Write out the data below exactly as given, without any of its pictures.

########################################

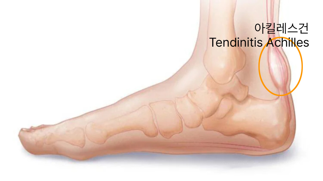 아킬레스건염(Tendinitis Achilles)은 발뒤꿈치 뼈와 종아리 근육을 연결하는 아킬레스건에 염증이 생기는 질환입니다.
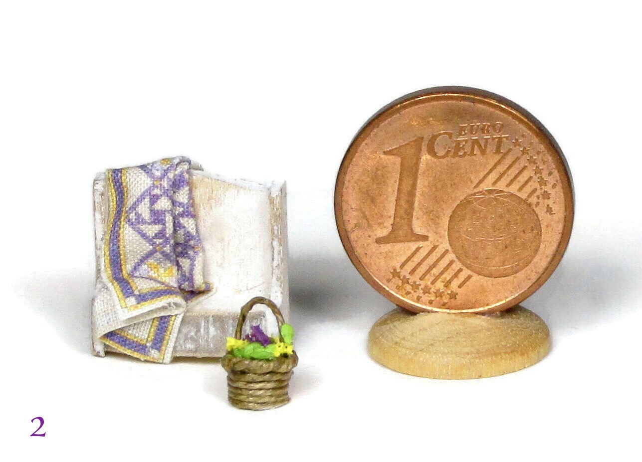 The small bench, painted and finished in shabby chic style, is handmade in wood, in 1/144 scale. It is sold both empty and combined with the blanket and basket.
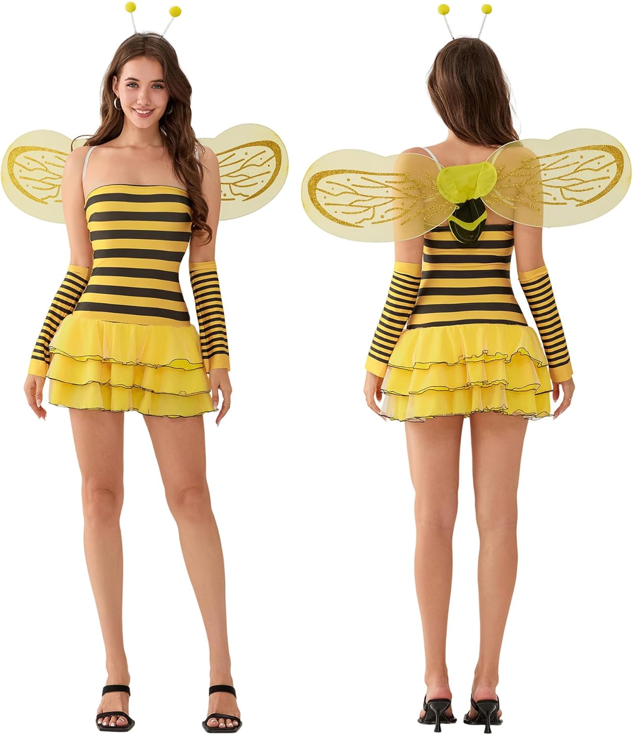 Horolam Bee Costume Accessories, Bee Costume Adult Women with Bee Wings Antenna Headband Bee Galsses Yellow Tutu for Girls
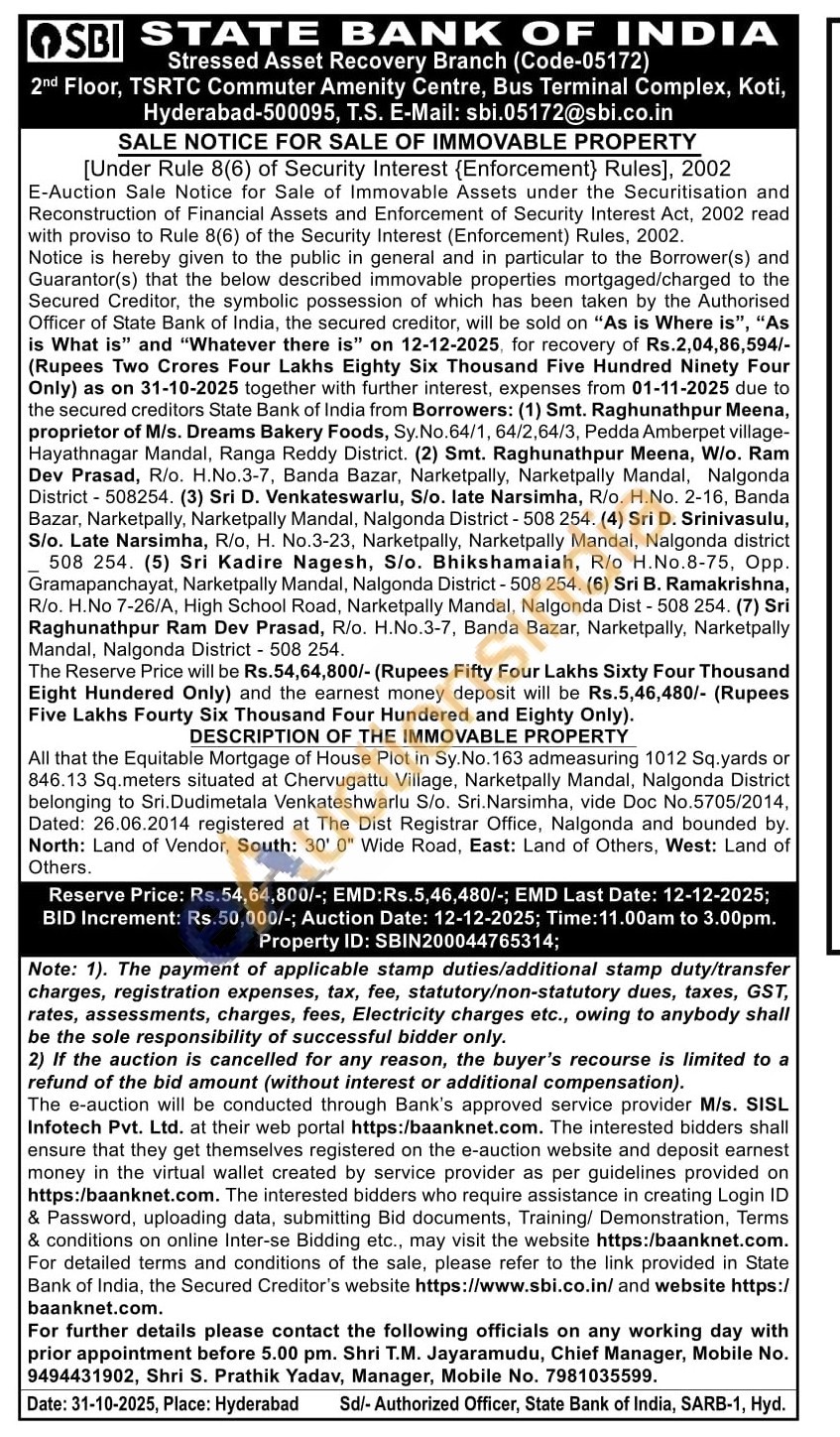 All that the Equitable Mortgage of House Plot in Sy.No. 163 admeasuring 1012 Sq.yards or 846.13 Sq.meters situated at Chervugattu Village, Narketpally Mandal, Nalgonda District belonging to Sri. Dudimetala Venkateshwarlu S/o. Sri.Narsimha, vide Doc No.5705/2014, Dated: 26.06.2014 registered at The Dist Registrar Office, Nalgonda and bounded by. North: Land of Vendor, South: 30' 0" Wide Road, East: Land of Others, West: Land of Others.
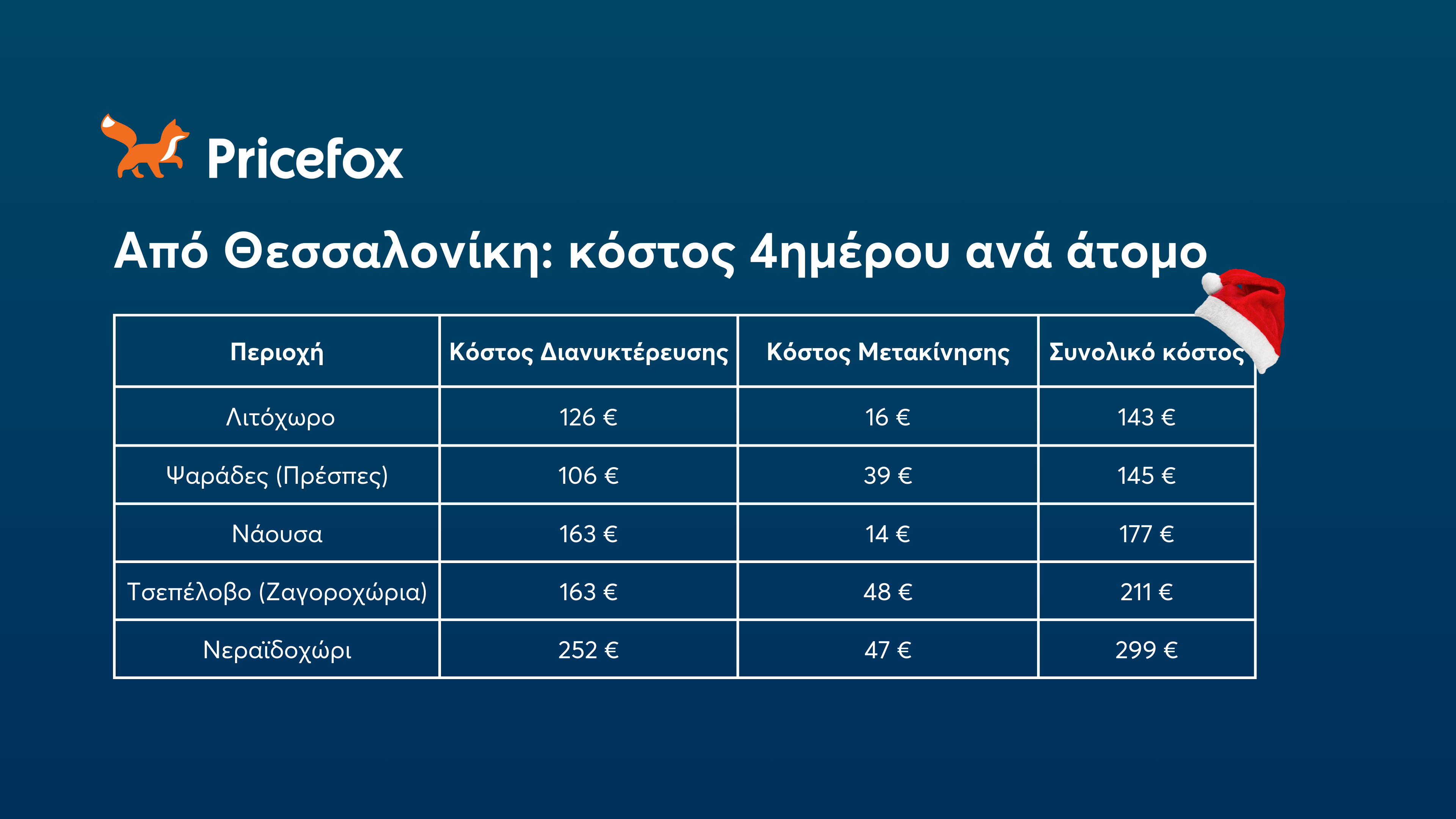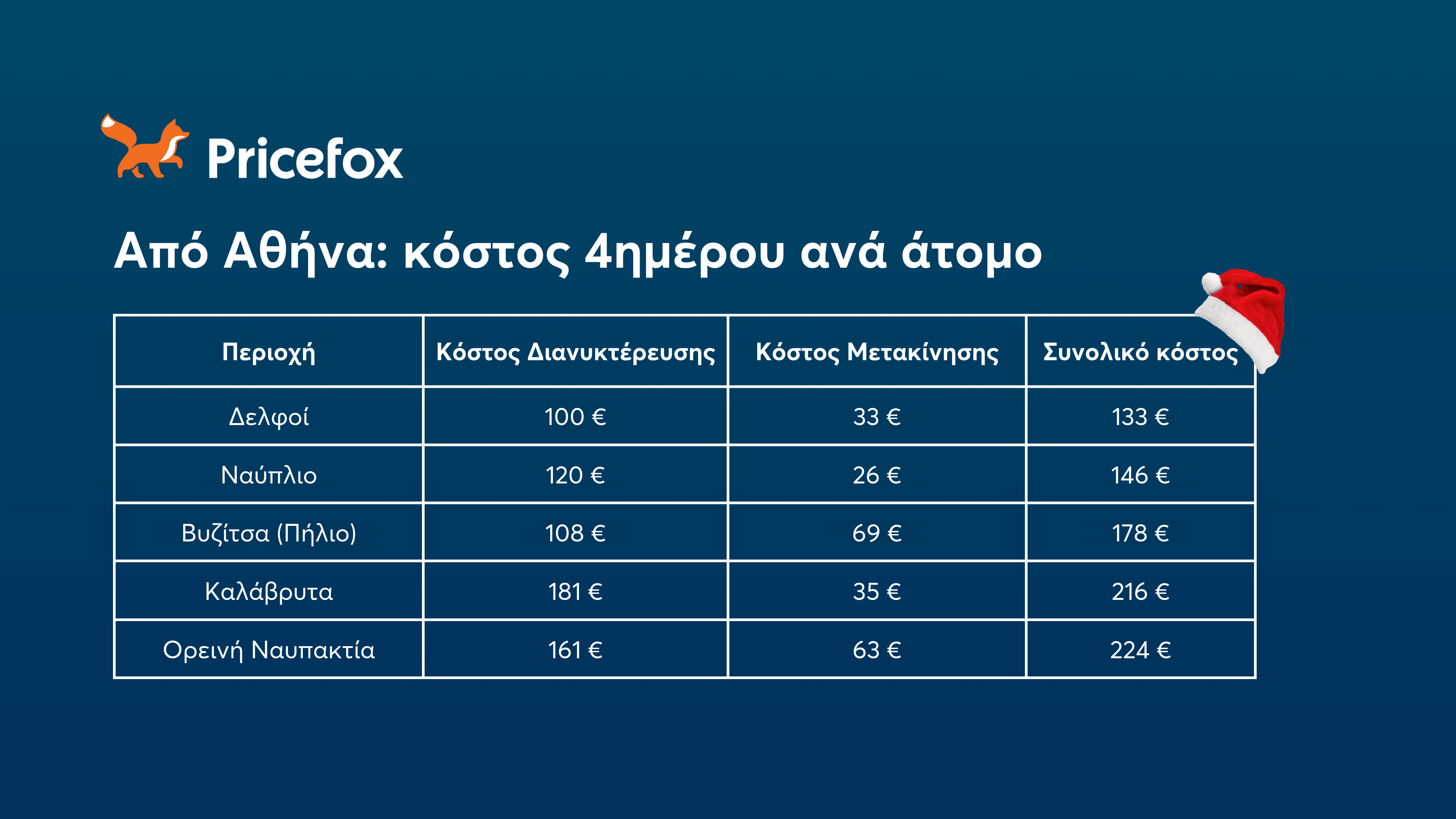 *Οι τιμές είναι υπολογισμένες για δύο άτομα για την περίοδο 22-26 Δεκεμβρίου, με ένα δικό τους αυτοκίνητο μέσω του Booking και του Βρίσκω Απόσταση.
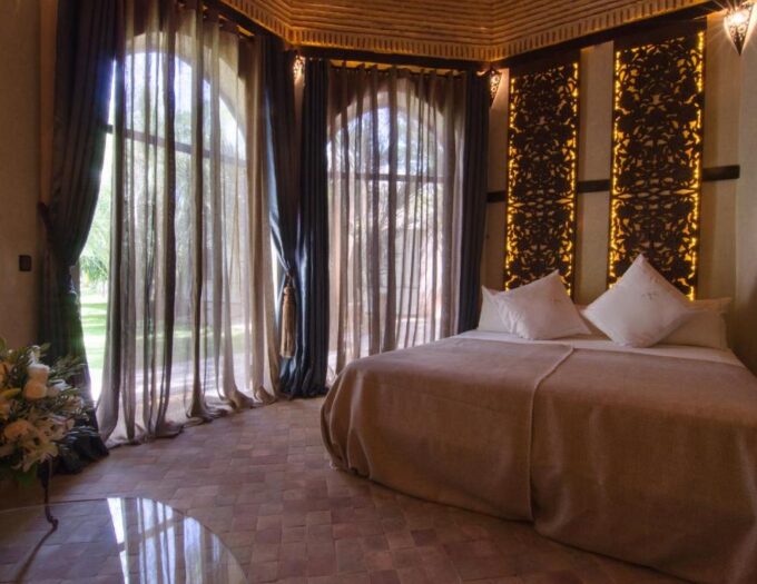Les hébergements du Lodge K sont pensés pour offrir un confort complet tout en préservant l’intimité et la tranquillité de chaque invité. Les chambres disposent de la climatisation, d’une télévision à écran plat, d’un minibar et d’un lecteur DVD, créant un espace propice au repos. Le réfrigérateur intégré et les équipements modernes assurent une autonomie agréable, tandis que les vues sur le jardin renforcent le sentiment de connexion avec la nature. Les salles de bains privatives, dotées d’une baignoire, d’un peignoir et d’un sèche-cheveux, prolongent cette atmosphère de bien-être. La douceur des matériaux et la lumière filtrée participent à une expérience apaisante, idéale pour se ressourcer après une journée passée à explorer Marrakech.
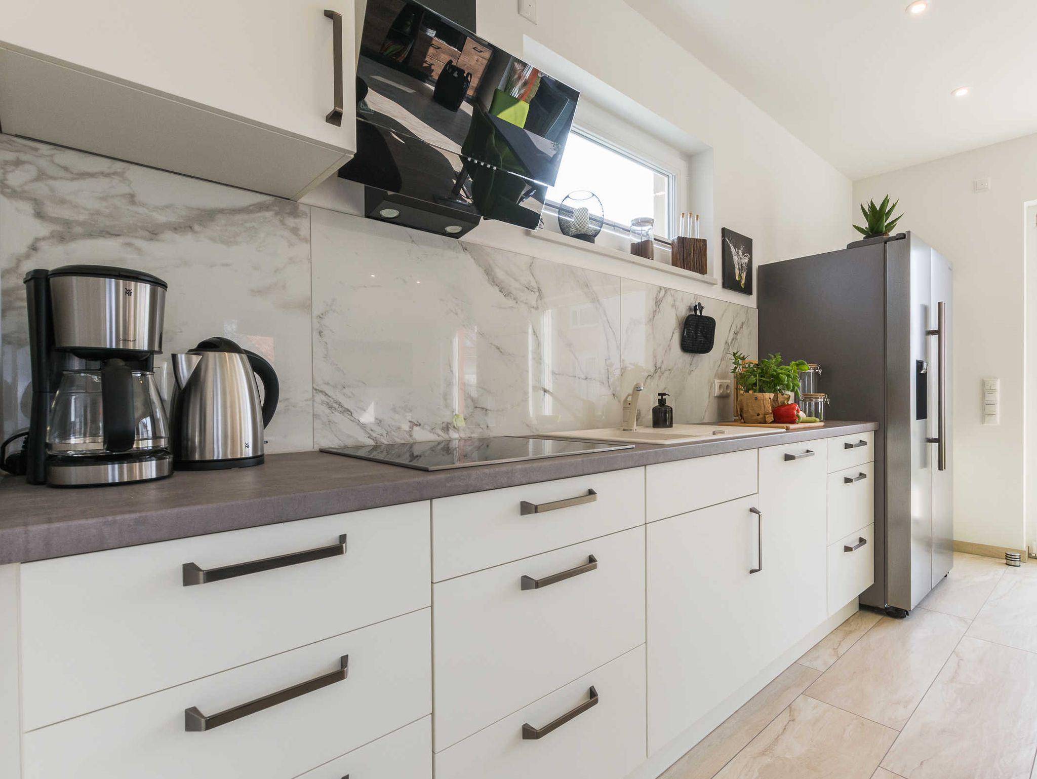 moderne, offene Küche mit Side-by-Side Kühl- und Gefrierschrank, Cerankochfeld, Dunstabzugshaube, Backofen, Geschirrspülmaschine, Mikrowelle, Kaffeemaschine, Toaster, Wasserkocher
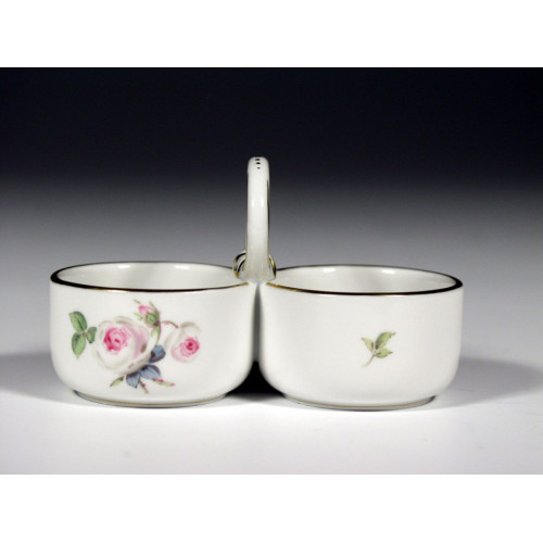 Salzgefäß, Weiße Rose mit Purpurkern, Goldrand, L 10 cm
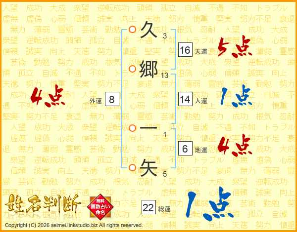 久郷一矢さんの天運は16画の5点!
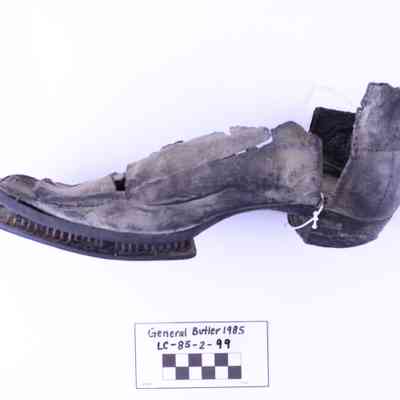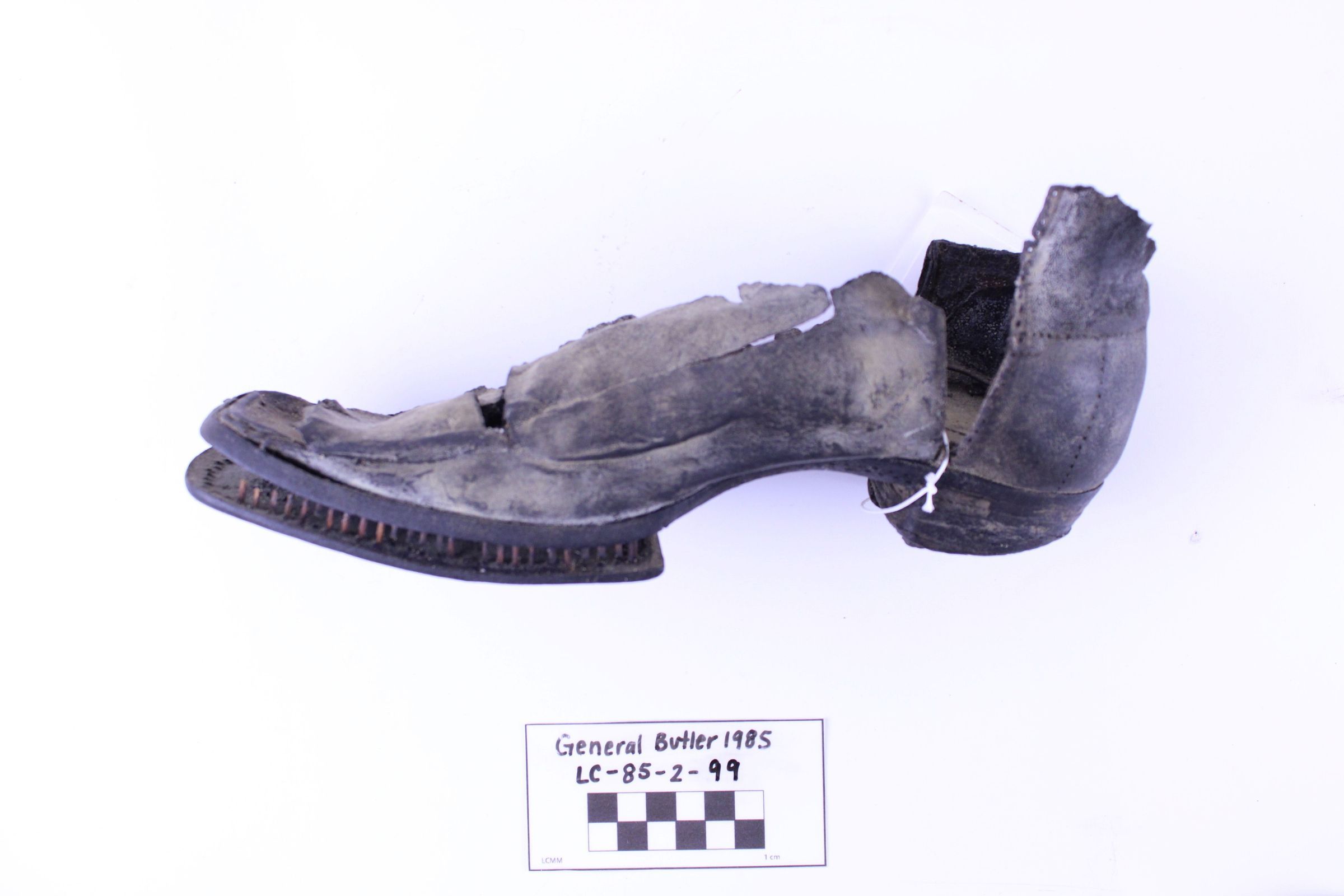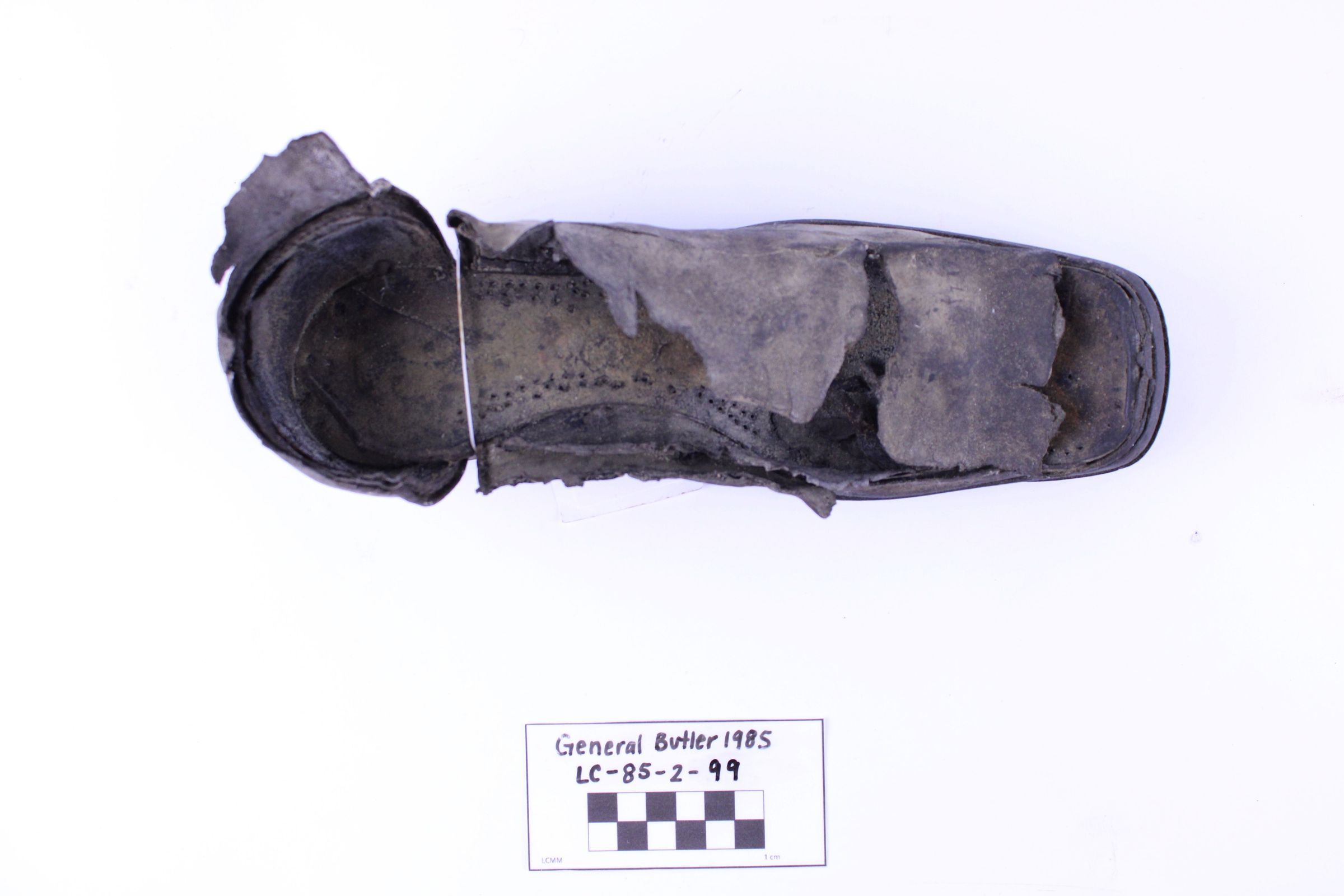 Artifact LC-85-2-99 is a square-toed leather boot with a short heel. The leather has deteriorated due to wear and age, causing large amounts of the material across the top of the shoe to be lost.

########################################

Exercise result:
 아킬레스건염(Tendinitis Achilles)은 발뒤꿈치 뼈와 종아리 근육을 연결하는 아킬레스건에 염증이 생기는 질환입니다.
 The small bench, painted and finished in shabby chic style, is handmade in wood, in 1/144 scale. It is sold both empty and combined with the blanket and basket.
 Horolam Bee Costume Accessories, Bee Costume Adult Women with Bee Wings Antenna Headband Bee Galsses Yellow Tutu for Girls
 All that the Equitable Mortgage of House Plot in Sy.No. 163 admeasuring 1012 Sq.yards or 846.13 Sq.meters situated at Chervugattu Village, Narketpally Mandal, Nalgonda District belonging to Sri. Dudimetala Venkateshwarlu S/o. Sri.Narsimha, vide Doc No.5705/2014, Dated: 26.06.2014 registered at The Dist Registrar Office, Nalgonda and bounded by. North: Land of Vendor, South: 30' 0" Wide Road, East: Land of Others, West: Land of Others.
 *Οι τιμές είναι υπολογισμένες για δύο άτομα για την περίοδο 22-26 Δεκεμβρίου, με ένα δικό τους αυτοκίνητο μέσω του Booking και του Βρίσκω Απόσταση.
Les hébergements du Lodge K sont pensés pour offrir un confort complet tout en préservant l’intimité et la tranquillité de chaque invité. Les chambres disposent de la climatisation, d’une télévision à écran plat, d’un minibar et d’un lecteur DVD, créant un espace propice au repos. Le réfrigérateur intégré et les équipements modernes assurent une autonomie agréable, tandis que les vues sur le jardin renforcent le sentiment de connexion avec la nature. Les salles de bains privatives, dotées d’une baignoire, d’un peignoir et d’un sèche-cheveux, prolongent cette atmosphère de bien-être. La douceur des matériaux et la lumière filtrée participent à une expérience apaisante, idéale pour se ressourcer après une journée passée à explorer Marrakech.
 moderne, offene Küche mit Side-by-Side Kühl- und Gefrierschrank, Cerankochfeld, Dunstabzugshaube, Backofen, Geschirrspülmaschine, Mikrowelle, Kaffeemaschine, Toaster, Wasserkocher
 Salzgefäß, Weiße Rose mit Purpurkern, Goldrand, L 10 cm
 久郷一矢さんの天運は16画の5点!
 Artifact LC-85-2-99 is a square-toed leather boot with a short heel. The leather has deteriorated due to wear and age, causing large amounts of the material across the top of the shoe to be lost.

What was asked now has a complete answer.